William Kristol opines that Social Security reform is going nowhere in the near future, and surprisingly, that is fine with me. While the left's dishonest smear tactics may have borne fruit in the short run, the foundation of need has been poured and the seed of better returns through "ownership" has been planted. I have no doubt that the longer the idea of personal accounts is allowed to sink into the American psyche, the more it will come to be seen as not only a good idea, but the right thing to do. But I digress...
Along the way, Kristol gives a synopsis of the growth caused by Bush's "evil tax cuts for the rich."

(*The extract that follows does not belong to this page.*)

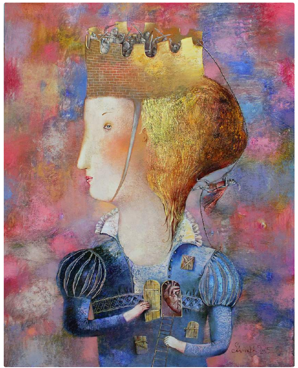
Anna Silivonchik, Knights of My Heart, 2015 Oil on Canvas 39 x 32 in (100 x 80 cm)

The 2003 cuts in personal income rates, and in the tax rates on dividends and capital gains, have helped produce economic growth of better than 4 percent a year--as non-tax-cutting European economies have stagnated. Unemployment here is down to 5.1 percent, while it remains 10 percent or more in Germany and France. The Dow is up by about 24 percent since May 2003, and capital spending by business is up some 22 percent.
And tax revenues are up. As Stephen Moore has pointed out in the Wall Street Journal, the supply-side Laffer curve has worked. Federal tax receipts are up by over 15 percent so far this fiscal year--and state tax receipts are up 7.5 percent. Individual and corporate receipts are up some 30 percent in the two years since the tax cut. The budget deficit looks as if it will be down by some $60 billion this year.
The information in the second paragraph is what drives the left completely nuts and generally causes a complete intellectual meltdown. The prevailing theme of the left is that tax cuts lined the pockets of the rich and prevented our benevolent government from doing it's good work across the nation. In fact, the tax cuts and the subsequent growth realized from them have caused tax receipts to rise at levels far exceeding pre-tax cut predictions. In short, the tax cuts have generated more tax revenue, not less.
Success in the private sector is what breeds a healthy government. The progress that has been bred in both areas is what John Kerry promised to repeal were he to be elected, and what the Democratic Party will fight hard this fall to render useless.